** ABOUT THIS TASK **
Repeat the data word for word, excluding every picture.
━━━ PROVIDED MATERIAL ━━━
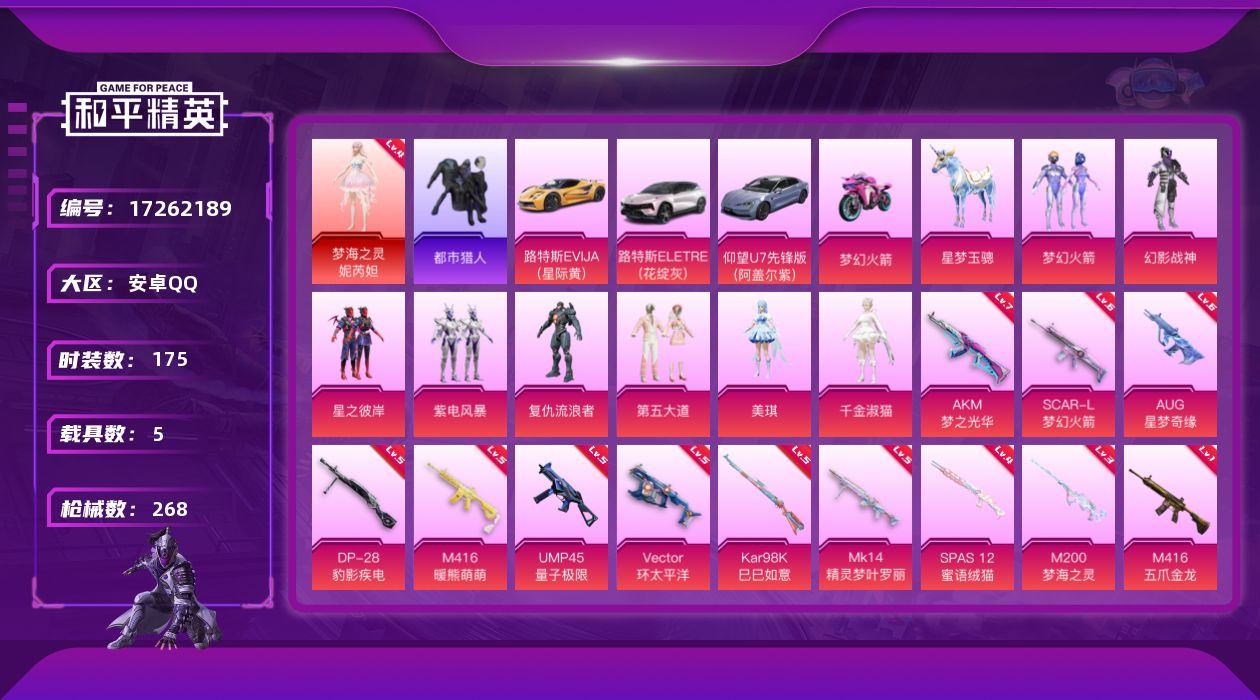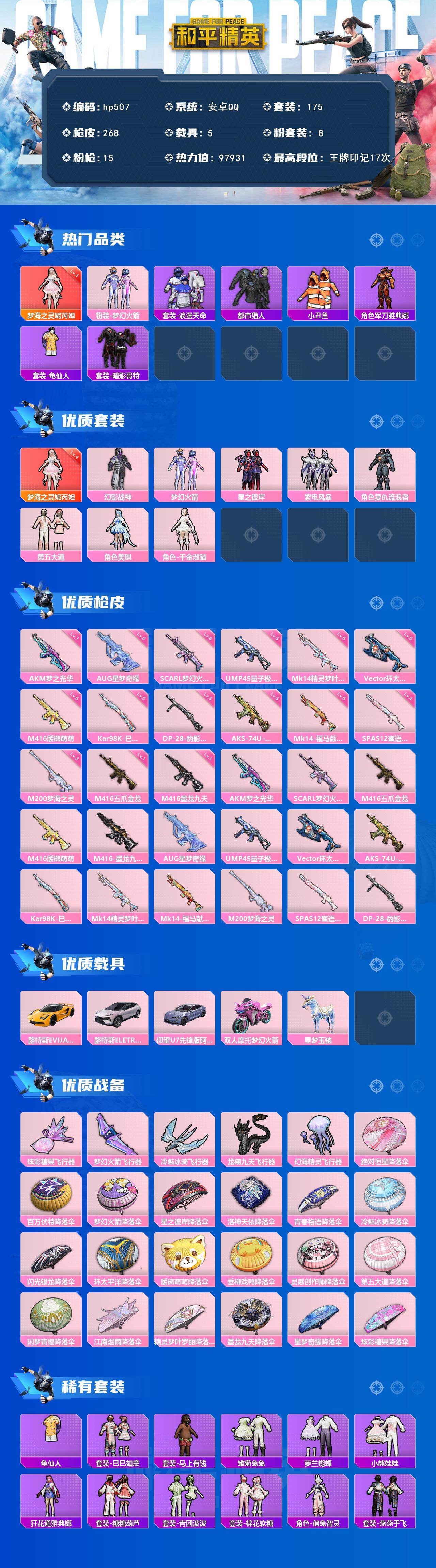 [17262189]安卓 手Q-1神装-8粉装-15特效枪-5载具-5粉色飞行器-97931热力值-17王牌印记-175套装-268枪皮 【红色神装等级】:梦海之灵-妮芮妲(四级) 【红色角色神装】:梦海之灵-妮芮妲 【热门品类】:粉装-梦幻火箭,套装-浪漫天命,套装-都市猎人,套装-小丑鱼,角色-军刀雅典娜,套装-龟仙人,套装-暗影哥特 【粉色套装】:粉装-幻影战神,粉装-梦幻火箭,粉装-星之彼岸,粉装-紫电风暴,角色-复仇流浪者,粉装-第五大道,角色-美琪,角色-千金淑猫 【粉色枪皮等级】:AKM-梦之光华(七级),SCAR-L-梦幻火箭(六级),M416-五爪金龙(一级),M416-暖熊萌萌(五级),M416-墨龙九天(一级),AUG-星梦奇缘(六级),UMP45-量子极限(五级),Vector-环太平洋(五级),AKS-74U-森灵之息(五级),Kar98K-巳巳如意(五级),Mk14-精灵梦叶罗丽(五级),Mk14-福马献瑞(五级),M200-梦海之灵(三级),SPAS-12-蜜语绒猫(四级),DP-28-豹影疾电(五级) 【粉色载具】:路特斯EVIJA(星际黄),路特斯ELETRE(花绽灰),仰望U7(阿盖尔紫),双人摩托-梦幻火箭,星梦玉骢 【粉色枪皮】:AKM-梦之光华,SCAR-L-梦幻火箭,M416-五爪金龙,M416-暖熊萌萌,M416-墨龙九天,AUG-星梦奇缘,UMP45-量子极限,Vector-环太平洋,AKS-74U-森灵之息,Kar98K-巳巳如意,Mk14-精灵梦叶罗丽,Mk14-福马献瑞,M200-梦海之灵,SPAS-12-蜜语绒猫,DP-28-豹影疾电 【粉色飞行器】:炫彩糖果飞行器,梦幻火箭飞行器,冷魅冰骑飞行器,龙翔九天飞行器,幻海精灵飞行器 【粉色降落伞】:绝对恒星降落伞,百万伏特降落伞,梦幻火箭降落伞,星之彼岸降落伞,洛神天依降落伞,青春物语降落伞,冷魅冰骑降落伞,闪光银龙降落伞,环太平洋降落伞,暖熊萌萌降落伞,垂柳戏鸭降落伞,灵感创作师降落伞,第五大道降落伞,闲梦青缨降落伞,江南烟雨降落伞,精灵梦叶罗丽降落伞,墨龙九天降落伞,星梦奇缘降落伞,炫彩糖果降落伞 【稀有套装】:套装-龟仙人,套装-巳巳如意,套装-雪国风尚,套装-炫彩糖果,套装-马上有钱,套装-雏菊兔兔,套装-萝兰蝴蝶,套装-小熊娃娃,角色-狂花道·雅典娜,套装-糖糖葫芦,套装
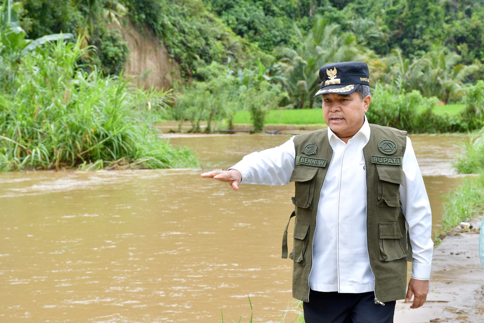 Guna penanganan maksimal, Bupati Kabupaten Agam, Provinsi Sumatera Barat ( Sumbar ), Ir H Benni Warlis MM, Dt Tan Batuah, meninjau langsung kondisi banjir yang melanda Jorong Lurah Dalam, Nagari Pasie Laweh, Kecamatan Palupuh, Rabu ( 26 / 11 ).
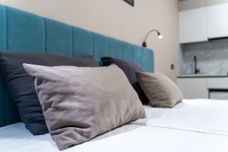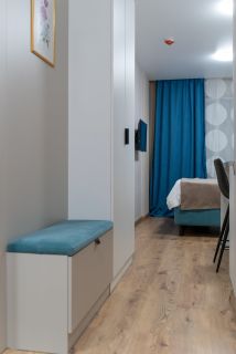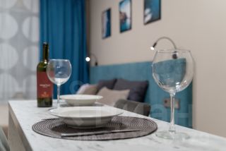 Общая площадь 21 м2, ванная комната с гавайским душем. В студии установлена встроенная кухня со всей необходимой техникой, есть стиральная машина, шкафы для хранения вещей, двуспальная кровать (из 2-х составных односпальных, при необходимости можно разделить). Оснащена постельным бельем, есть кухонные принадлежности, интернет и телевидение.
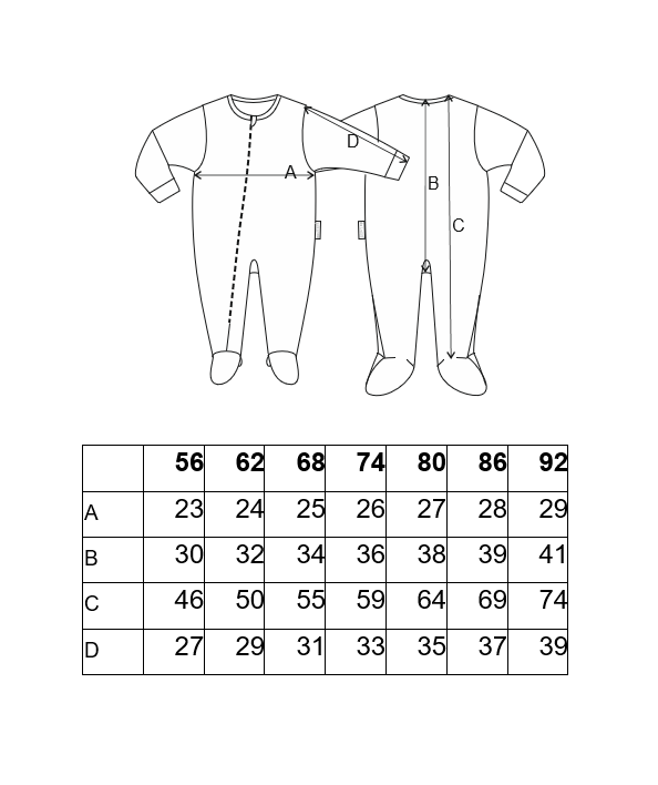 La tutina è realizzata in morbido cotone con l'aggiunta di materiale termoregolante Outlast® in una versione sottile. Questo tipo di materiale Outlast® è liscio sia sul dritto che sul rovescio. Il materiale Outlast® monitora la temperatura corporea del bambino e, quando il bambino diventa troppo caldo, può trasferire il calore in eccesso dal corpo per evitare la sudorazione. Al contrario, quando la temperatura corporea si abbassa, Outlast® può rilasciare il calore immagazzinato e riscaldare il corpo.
━━━
** SOLUTION FOR THIS PROBLEM **
 [17262189]安卓 手Q-1神装-8粉装-15特效枪-5载具-5粉色飞行器-97931热力值-17王牌印记-175套装-268枪皮 【红色神装等级】:梦海之灵-妮芮妲(四级) 【红色角色神装】:梦海之灵-妮芮妲 【热门品类】:粉装-梦幻火箭,套装-浪漫天命,套装-都市猎人,套装-小丑鱼,角色-军刀雅典娜,套装-龟仙人,套装-暗影哥特 【粉色套装】:粉装-幻影战神,粉装-梦幻火箭,粉装-星之彼岸,粉装-紫电风暴,角色-复仇流浪者,粉装-第五大道,角色-美琪,角色-千金淑猫 【粉色枪皮等级】:AKM-梦之光华(七级),SCAR-L-梦幻火箭(六级),M416-五爪金龙(一级),M416-暖熊萌萌(五级),M416-墨龙九天(一级),AUG-星梦奇缘(六级),UMP45-量子极限(五级),Vector-环太平洋(五级),AKS-74U-森灵之息(五级),Kar98K-巳巳如意(五级),Mk14-精灵梦叶罗丽(五级),Mk14-福马献瑞(五级),M200-梦海之灵(三级),SPAS-12-蜜语绒猫(四级),DP-28-豹影疾电(五级) 【粉色载具】:路特斯EVIJA(星际黄),路特斯ELETRE(花绽灰),仰望U7(阿盖尔紫),双人摩托-梦幻火箭,星梦玉骢 【粉色枪皮】:AKM-梦之光华,SCAR-L-梦幻火箭,M416-五爪金龙,M416-暖熊萌萌,M416-墨龙九天,AUG-星梦奇缘,UMP45-量子极限,Vector-环太平洋,AKS-74U-森灵之息,Kar98K-巳巳如意,Mk14-精灵梦叶罗丽,Mk14-福马献瑞,M200-梦海之灵,SPAS-12-蜜语绒猫,DP-28-豹影疾电 【粉色飞行器】:炫彩糖果飞行器,梦幻火箭飞行器,冷魅冰骑飞行器,龙翔九天飞行器,幻海精灵飞行器 【粉色降落伞】:绝对恒星降落伞,百万伏特降落伞,梦幻火箭降落伞,星之彼岸降落伞,洛神天依降落伞,青春物语降落伞,冷魅冰骑降落伞,闪光银龙降落伞,环太平洋降落伞,暖熊萌萌降落伞,垂柳戏鸭降落伞,灵感创作师降落伞,第五大道降落伞,闲梦青缨降落伞,江南烟雨降落伞,精灵梦叶罗丽降落伞,墨龙九天降落伞,星梦奇缘降落伞,炫彩糖果降落伞 【稀有套装】:套装-龟仙人,套装-巳巳如意,套装-雪国风尚,套装-炫彩糖果,套装-马上有钱,套装-雏菊兔兔,套装-萝兰蝴蝶,套装-小熊娃娃,角色-狂花道·雅典娜,套装-糖糖葫芦,套装
 Guna penanganan maksimal, Bupati Kabupaten Agam, Provinsi Sumatera Barat ( Sumbar ), Ir H Benni Warlis MM, Dt Tan Batuah, meninjau langsung kondisi banjir yang melanda Jorong Lurah Dalam, Nagari Pasie Laweh, Kecamatan Palupuh, Rabu ( 26 / 11 ).
 Общая площадь 21 м2, ванная комната с гавайским душем. В студии установлена встроенная кухня со всей необходимой техникой, есть стиральная машина, шкафы для хранения вещей, двуспальная кровать (из 2-х составных односпальных, при необходимости можно разделить). Оснащена постельным бельем, есть кухонные принадлежности, интернет и телевидение.
 La tutina è realizzata in morbido cotone con l'aggiunta di materiale termoregolante Outlast® in una versione sottile. Questo tipo di materiale Outlast® è liscio sia sul dritto che sul rovescio. Il materiale Outlast® monitora la temperatura corporea del bambino e, quando il bambino diventa troppo caldo, può trasferire il calore in eccesso dal corpo per evitare la sudorazione. Al contrario, quando la temperatura corporea si abbassa, Outlast® può rilasciare il calore immagazzinato e riscaldare il corpo.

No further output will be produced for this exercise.